As we approached the makeshift bed on the floor, Diego stopped. “One more thing,” he said as I let go of his arm. “I’m not sure if I’ll get a chance to say it before I leave … but, um, I just wanted to thank you for being so nice to me … and my mother. It made a difference.”
“You’re welcome,” I said. “Good night.”
As I walked away, I heard him say in a loud whisper, “Good night, Storyteller.”
By the time I was back in the Garzas’ bedroom, I had a smile from ear to ear. Even though Diego knew who I was, to him I was Storyteller, not Sardine Girl.
I really hoped our paths would cross again.
The sound of whispers and giggles woke me up. The sun was already shining strongly through the bedroom window, and it took a few seconds for my eyes to adjust to the brightness.
“¡Está despierta!” a little voice squealed before several arms wrapped themselves around me in a big group hug.
“Sí, sí. I’m most definitely awake now,” I said from beneath the pileup of small bodies.
“About time you got up,” Julián said from the doorway. “Abuela wouldn’t let anyone get near you for the past hour.”
“We thought you were going to leave too,” Mirentxu said breathlessly, squeezing me even tighter.
“Leave?” I sat up, knocking over Carmita and Mirentxu. “Did Diego go already?” I didn’t think I’d sleep through the noise of everyone leaving.
Julián nodded from the doorway. “And his mother too. Everyone’s gone except Abuela, us, and the babies.”
“Mathias too?” I looked around. Would Mathias run off to fight in the war without saying goodbye?
“Yep. Abuelo asked him to go to Bilbao with him, even though I said I wanted to go.” Julián rolled into the room. “It’s not fair. All morning, I’ve been the one taking care of these pip-squeaks.” He pointed a finger at me. “Now it’s your turn.”
“Julián.” Señora Garza was at the door, her fists at her hips. “No hables así. I don’t like that attitude. Your grandfather needed to spend some time speaking with Mathias alone.… These are very difficult days for him. And for Ani. We all have to help.” She walked in and pulled Mirentxu off me. “¿Dormistes bien, niña?”
I nodded. “Sí, señora. I didn’t realize it was so late. I would’ve been up earlier to help.” When I stood up, my very large yellow dress hung off my shoulders and draped to the floor. I tried smoothing out some of the wrinkles and gathered up the bottom so it wouldn’t drag.
“You look funny in Abuela’s dress,” Julián chuckled.

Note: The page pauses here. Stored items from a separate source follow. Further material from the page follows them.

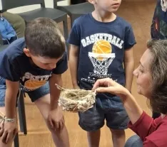 Ávila mostró a los niños distintos nidos auténticos de pájaros explicando cómo los hacen las aves, enseñó a los asistentes a confeccionar una vistosa postal viviente y leyó poemas de su libro “El abecedario inventado”.
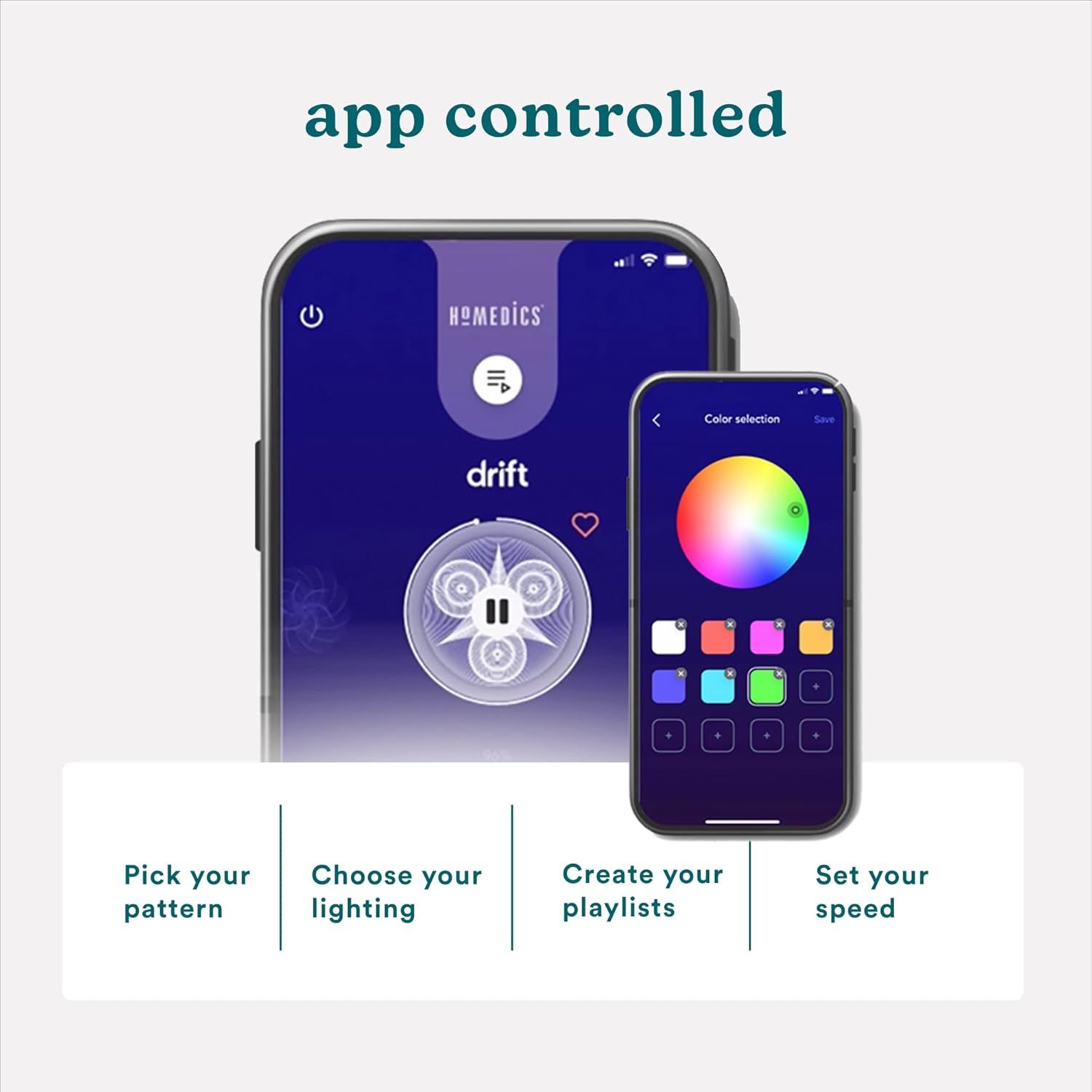 • App Controlled (iOS and Android): Choose from hundreds of mesmerizing patterns and ambient light colors, set speed, create custom playlists, and schedule your designs. Very easy to use!
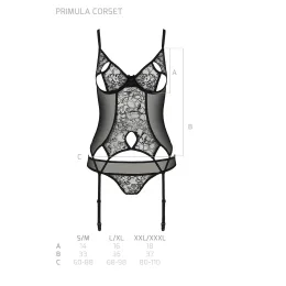 Korzet značky Passion. Model korzetu Primula. Výrobek je vyroben ze 47 % z polyamidu, 43 % z regenerovaného polyamidu, 7 % z regenerovaného elastanu a 3 % z lycry. Upevňovací bod: vzadu. Typ výstřihu: špičatý. Výrobek pro ženy. Dva stupně vodorovných háčků. Dvanáct řad svislých háčků. Výrobek má nastavitelné ramenní popruhy. Popruhy jsou nastavitelné. Má dráty, které prsa vhodně tvarují. Korzet se zapínáním na háčky a oka. Klasické kalhotky.

“Oh, shush, Julián. She makes that dress look nicer than ever. Better than when these old bones wear it.” Señora Garza smiled at me. “But your clothes are already outside drying.”

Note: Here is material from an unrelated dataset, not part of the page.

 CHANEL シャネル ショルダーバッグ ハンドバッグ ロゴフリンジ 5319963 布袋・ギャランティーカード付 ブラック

I glanced over to the corner of the room where my clothes had been. I wasn’t used to having anyone do things for me. It felt … uncomfortable. “You didn’t have to do that. I would’ve washed them myself.” I looked at the night table. The pouch and weight were gone. “My things!”

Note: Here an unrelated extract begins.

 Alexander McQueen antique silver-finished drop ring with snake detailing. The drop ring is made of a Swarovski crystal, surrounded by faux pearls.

Julián raised his hands in surrender. “It wasn’t me.”
“Don’t worry.” Señora Garza tapped my shoulder. “I put them in the drawer so they wouldn’t get lost.” She swiveled Julián’s wheelchair around and pushed him out of the room, bringing Mirentxu and Carmita with her.
“Gracias,” I muttered, gazing down at my bare feet.
“No need for thanks, mija. Just wash up and come help me outside. Lots to get done before Mathias and Garza return tomorrow.”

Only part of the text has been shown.